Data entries
· · ·
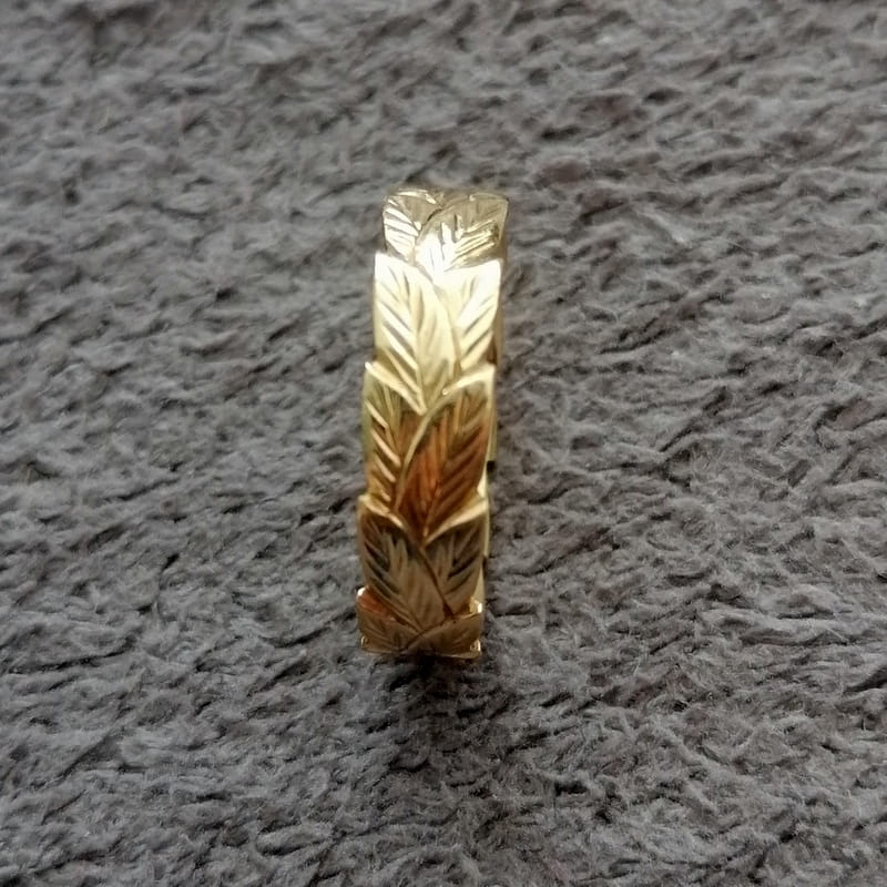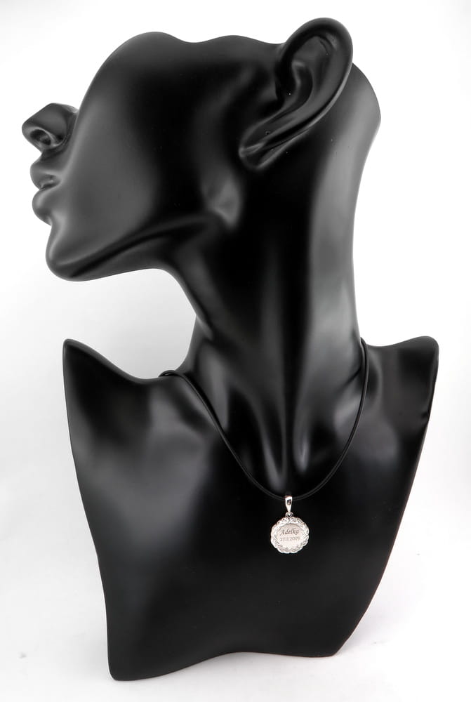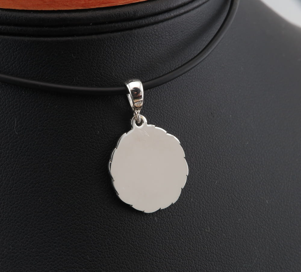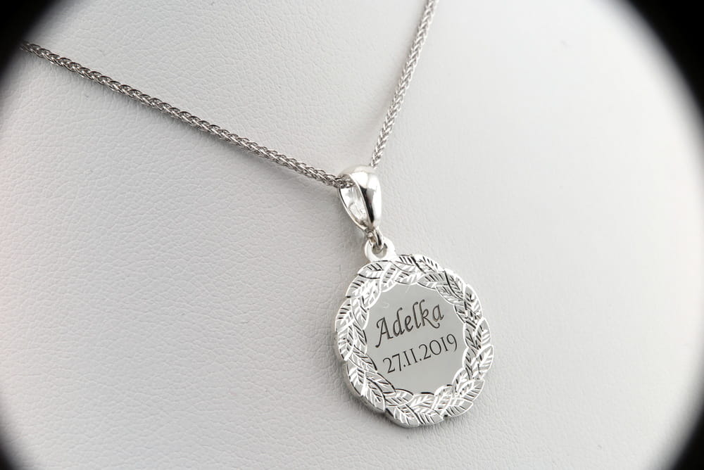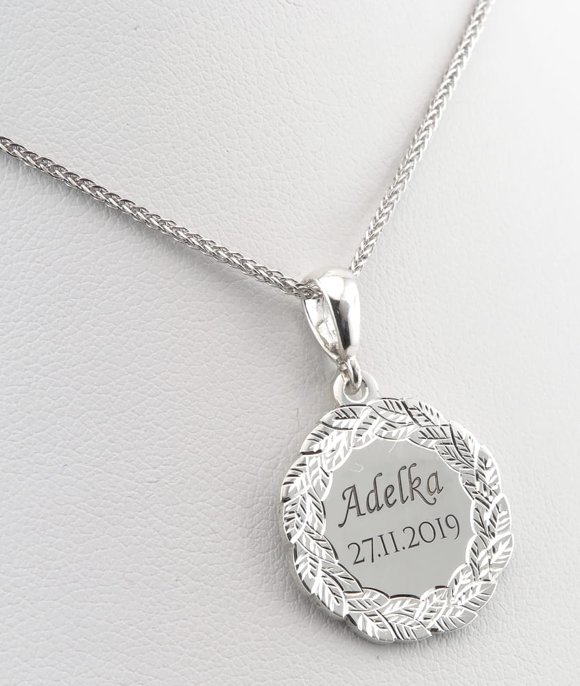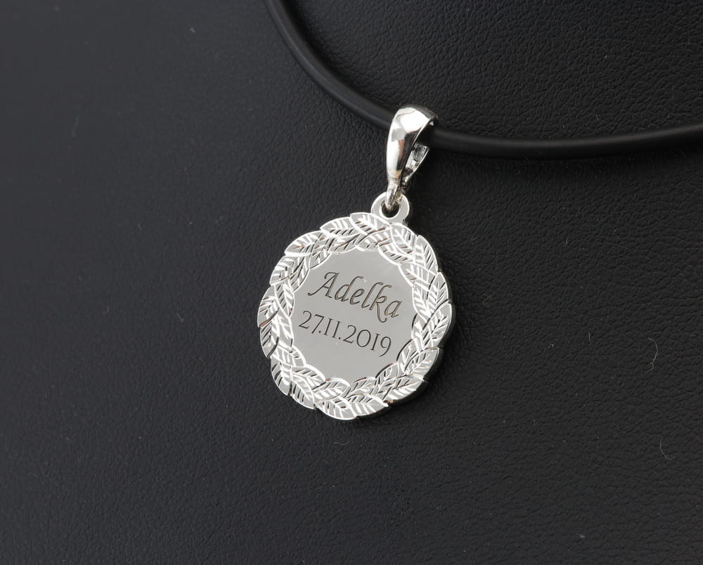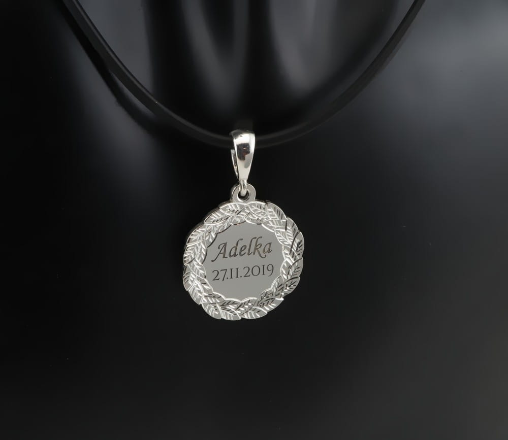 Pomysł i wzór na ten oryginalny medalik i zapytanie o możliwość wykonania przesłał do nas klient wraz ze zdjęciem swojej obrączki i odręcznym rysunkiem. Widoczny na zdjęciach wzór wieńca wzorowany był na obrączce ślubnej z tym właśnie motywem. Wzór liści jest ręcznie grawerowany na zewnątrz obrączki i w podonbym stylu również ręcznie grawerowany jest wieniec wokoł medalika. Był to stosunkowo mały medalik, średnicy około 19 mm. Po środku głęboko wygrawrowane zostało imię i data. Zarówno ręczne wykonanie grawerunku jak i samo projektowanie były bardziej czasochłonnymi czynnościami, ale efekt końcowy robi wrażenie. Cięte rylcem grawerwskim krawędzie pięknie się błyszczą i efekt ten jest bardzo trwały. Całość wykonana jest ze srebra pr. 925.
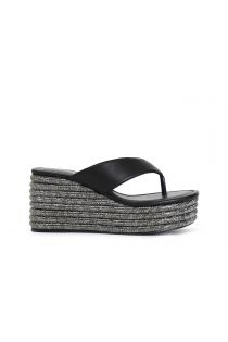 Tong en nappa à semelle compensée avec bandes de strass. la confortable semelle intérieure en cuir véritable rembourrée rend la chaussure confortable même après plusieurs heures d'utilisation. le talon haut mesure 70 mm de haut la plateforme 35 mm.
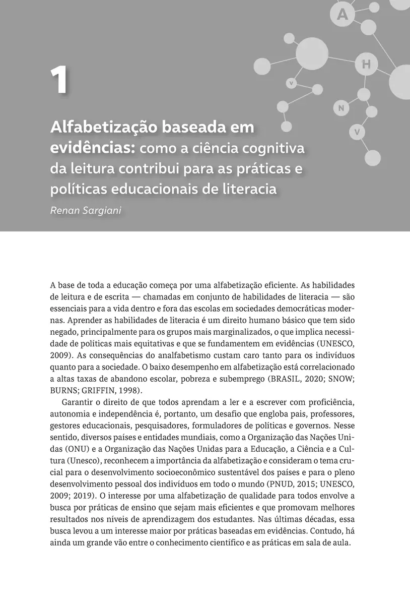 Da ciência da alfabetização à sala de aula! Tornar o conhecimento científico mais atualizado sobre a alfabetização acessível aos professores é fundamental para que possam aperfeiçoar suas práticas e garantir que todas as crianças aprendam a ler e a escrever. A partir dessa ideia, os autores, destacados professores e pesquisadores que acreditam na importância da alfabetização e da educação, apresentam, neste livro, capítulos ricos em informações, evidências, experiências e recomendações que auxiliarão professores e futuros professores a preencher as lacunas entre a ciência e a sala de aula.
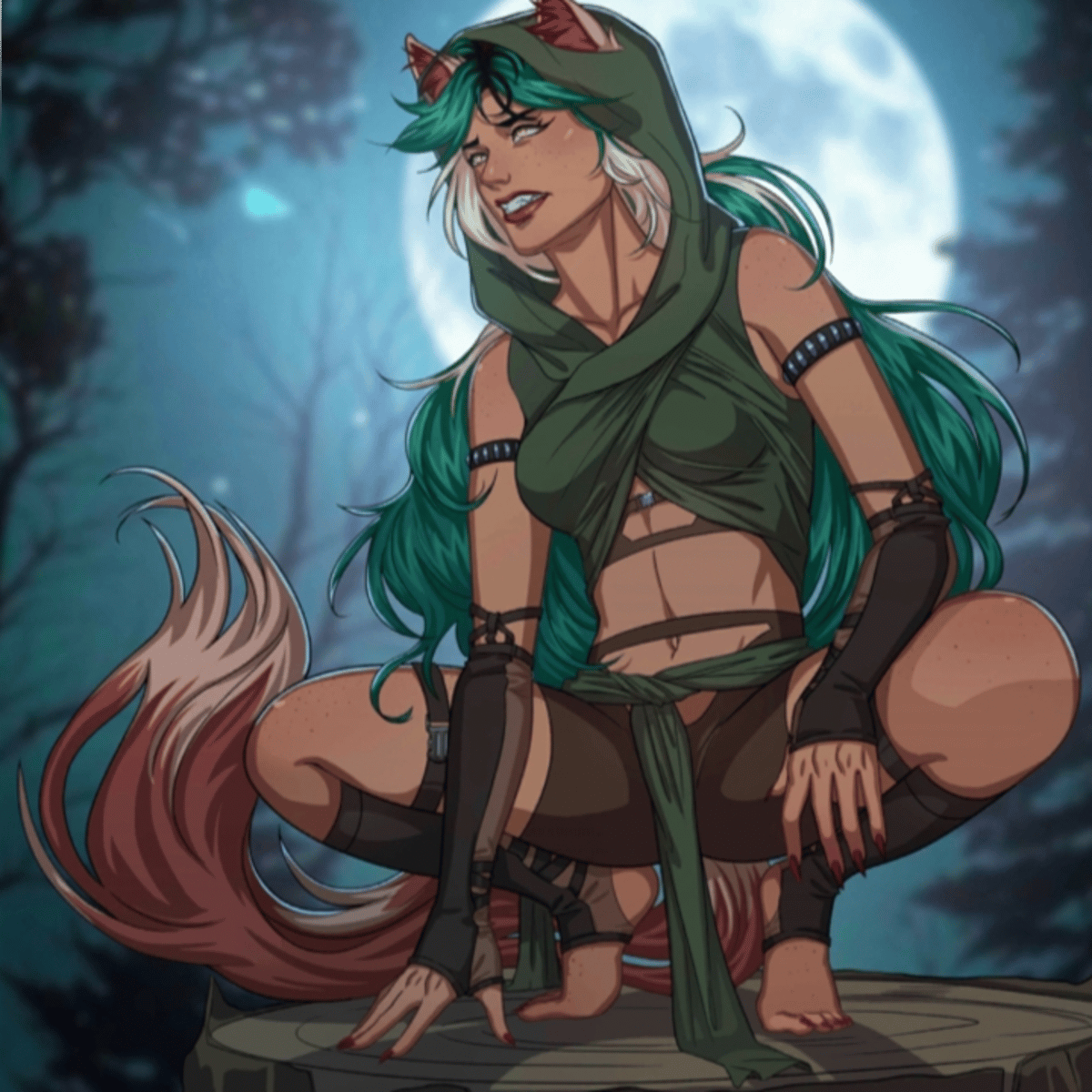 Hazel, a werewolf raised by my grandmother, has sharp senses but never fully embraced her abilities. With yellow eyes, freckles, green hair, wolf ears, and MeChat attire, she blends nature and technology. As we meet, our bond will blend familial ties and shared experiences.
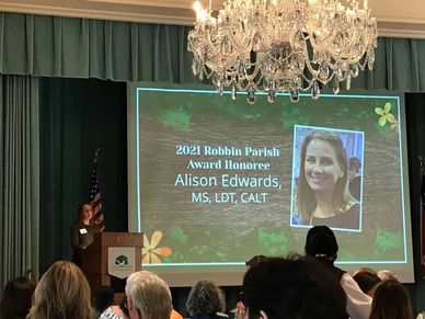 Alison Edwards was the 2021 recipient of the Robbin Parish Award for her commitment to lifelong learning and children who have communication delays and learning differences.
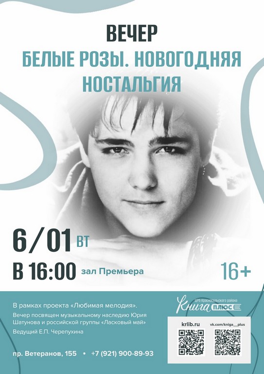 6 января (вт.) в 16:00 – «Белые розы. Новогодняя ностальгия» – вечер, посвященный музыкальному наследию Юрия Шатунова и известной российской группы «Ласковый май», в рамках проекта «Любимая мелодия». Ведущий Е.П. Черепухина. Зал «Премьера» (16+)
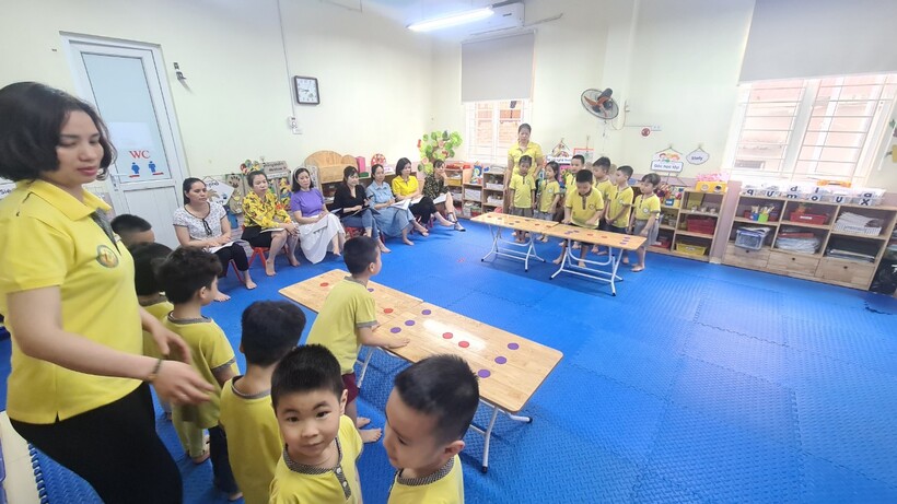 Thông qua bài vận động hôm nay, trẻ có kỹ năng, vỗ, nhảy bật theo nhịp, phát triển tai nghe tiết tâú, giai điệu, phát triển kỹ năng tư duy sắp xếp theo quy tắc, làm việc nhóm...Hoạt động học bằng chơi, chơi mà học giúp các bạn lớp A1 năng động, tự tin, khỏe mạnh hơn hàng ngày.
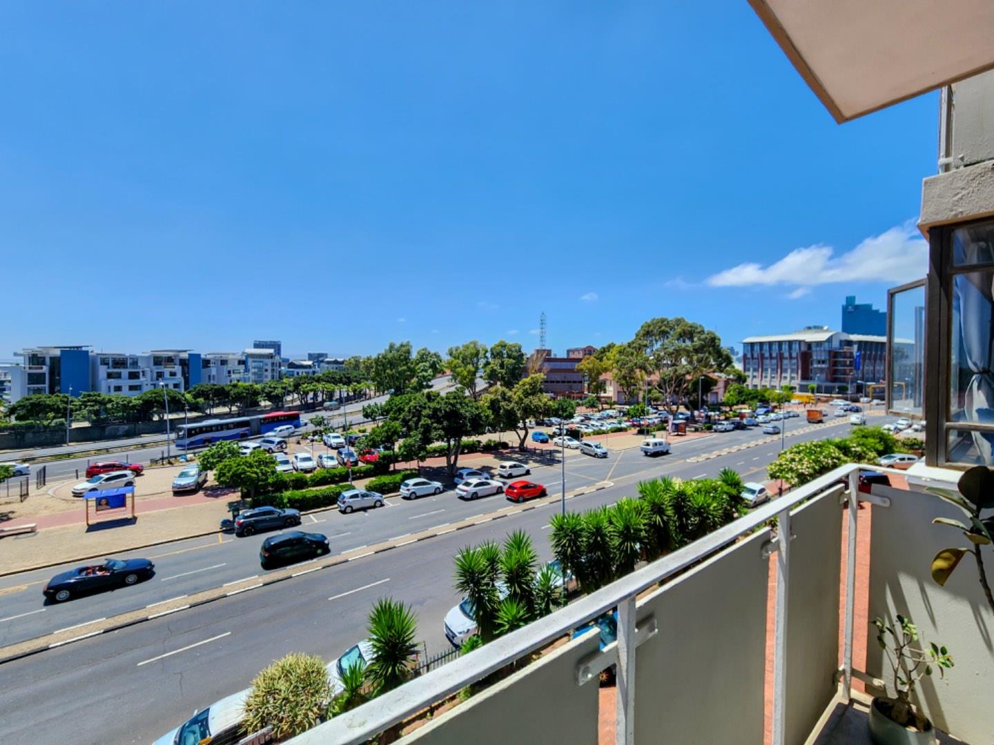 Step into the chic, open-plan kitchen, dining and living area, a haven for entertainers and those who appreciate natural light. Kitchen counter also serves as a bar counter with four barstools to remain. As a corner unit, the apartment is graced with windows all around, providing a breath taking backdrop for enjoying sunsets or soaking up sun on cooler winter days. Take advantage of the open balcony to relax and unwind with a sundowner after work, or to enjoy a coffee in the morning. The kitchen is thoughtfully designed with plumbing for two wet appliances and features a double sink for added convenience. Fridge, washing machine and dishwasher to remain.
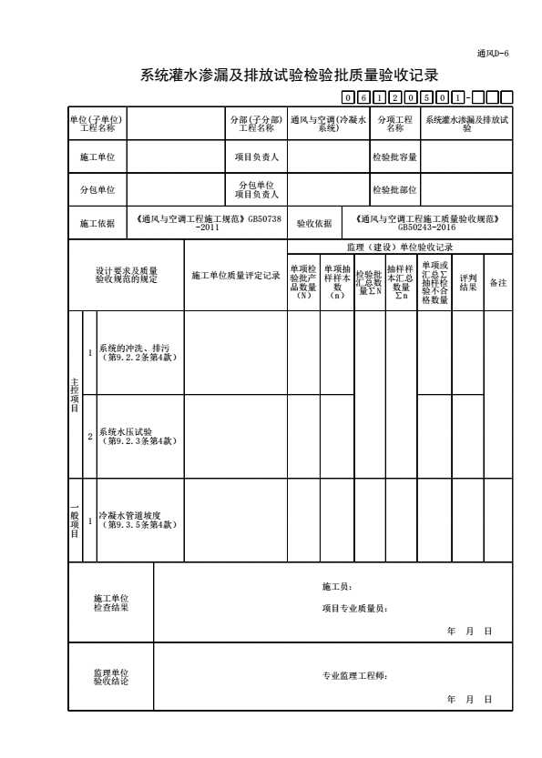 表格名称:06120501_系统灌水渗漏及排放试验检验批质量验收记录
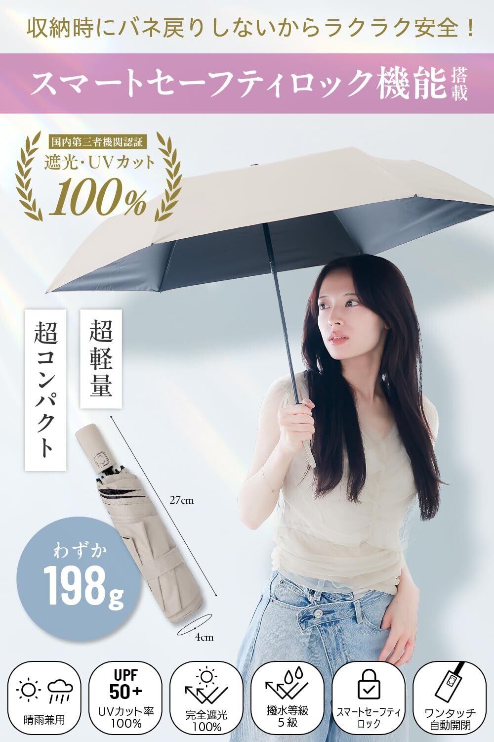 【スマートセーフティロック機能搭載】 日傘 超軽量 コンパクト 折りたたみ UVカット率100% 完全遮光 軽量 晴雨兼用 レディース メンズ 男女兼用 遮熱 携帯便利 ワンタッチ自動開閉
· · ·
• [ABOUT THIS TASK] Give back the exact lines above, running from the one that has "Alison Edwards was" through the one that has "Thông qua bài", with nothing added and no pictures.

• [RESULT OF THE TASK]
 Alison Edwards was the 2021 recipient of the Robbin Parish Award for her commitment to lifelong learning and children who have communication delays and learning differences.
 6 января (вт.) в 16:00 – «Белые розы. Новогодняя ностальгия» – вечер, посвященный музыкальному наследию Юрия Шатунова и известной российской группы «Ласковый май», в рамках проекта «Любимая мелодия». Ведущий Е.П. Черепухина. Зал «Премьера» (16+)
 Thông qua bài vận động hôm nay, trẻ có kỹ năng, vỗ, nhảy bật theo nhịp, phát triển tai nghe tiết tâú, giai điệu, phát triển kỹ năng tư duy sắp xếp theo quy tắc, làm việc nhóm...Hoạt động học bằng chơi, chơi mà học giúp các bạn lớp A1 năng động, tự tin, khỏe mạnh hơn hàng ngày.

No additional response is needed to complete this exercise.